Consequently, the closing agreement did not pertain to partnership items 
and W was not a party to a pending partnership-level proceeding 
regarding Partnership A when she entered into the closing agreement. 
Accordingly, the exception in paragraph (c)(2) of this section for 
agreements relating to TEFRA partnership proceedings does not apply.
    Example 2. H and W file a joint return for taxable year 2002, on 
which they claim $25,000 in losses attributable to H's general 
partnership interest in Partnership B. In November 2003, the Service 
proposes a deficiency in tax relating to H's and W's 2002 joint return 
arising from omitted taxable interest income in the amount of $2,000 
that is attributable to H. In July 2005, the Internal Revenue Service 
commences a TEFRA partnership proceeding regarding Partnership B's 2002 
and 2003 taxable years, and sends H and W a notice under section 
6223(a)(1). In March 2006, H and W enter into a closing agreement with 
the Service. The closing agreement provides for the disallowance of the 
claimed losses from Partnership B in excess of H's and W's out-of-pocket 
expenditures relating to Partnership B for taxable year 2002 and any 
subsequent year(s) in which H and W claimed losses from Partnership B. 

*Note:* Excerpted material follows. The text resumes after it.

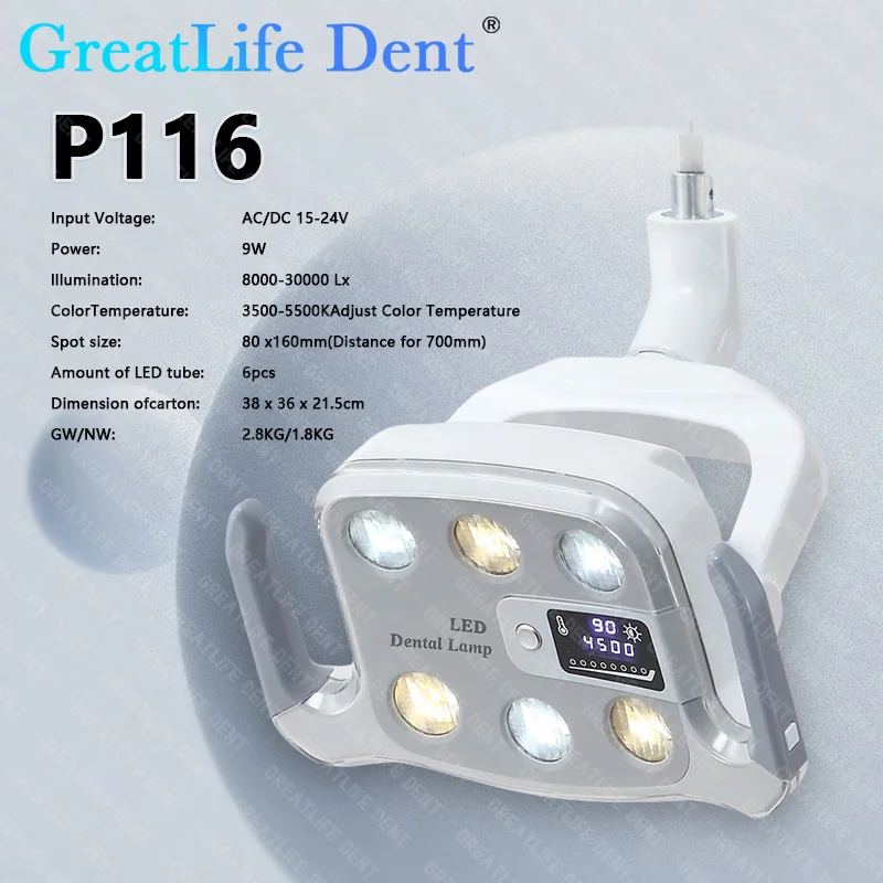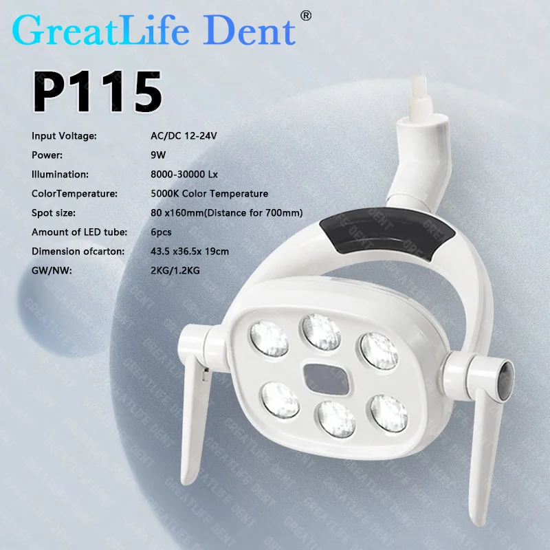 GreatLife Dent 9w Dental Chair Oral Lamp Unit Shadowless LED Cold Light Surgical Lamp Manual/Induction Adjustable Brightness

In addition, H and W agree to the imposition of the accuracy-related 
penalty under section 6662 with respect to the disallowed losses 
attributable to partnership B. In the closing agreement, H and W also 
agree to the deficiency resulting from the omitted interest income for 
taxable year 2002. W may not later claim relief from joint and several 
liability under section 6015 as to the deficiency in tax attributable to 
the omitted income of $2,000 for taxable year 2002, because this portion 
of the closing agreement pertains to nonpartnership items. In contrast, 
W may claim relief from joint and several liability as to the disallowed 
losses and accuracy-related penalty attributable to Partnership B for 
taxable year 2002 or any subsequent year(s). This is because this 
portion of the closing agreement pertains to partnership and affected 
items and was entered into at a time when W was a party to the pending 
partnership-level proceeding regarding Partnership B. Consequently, W 
never had the opportunity to raise the innocent spouse defense in the 
course of that TEFRA partnership proceeding. (See Sec.  1.6015-5(b)(5) 
relating to premature claims).
    (d) Fraudulent scheme. If the Secretary establishes that a spouse 
transferred assets to the other spouse as part of a fraudulent scheme, 
relief is not available under section 6015, and section 6013(d)(3) 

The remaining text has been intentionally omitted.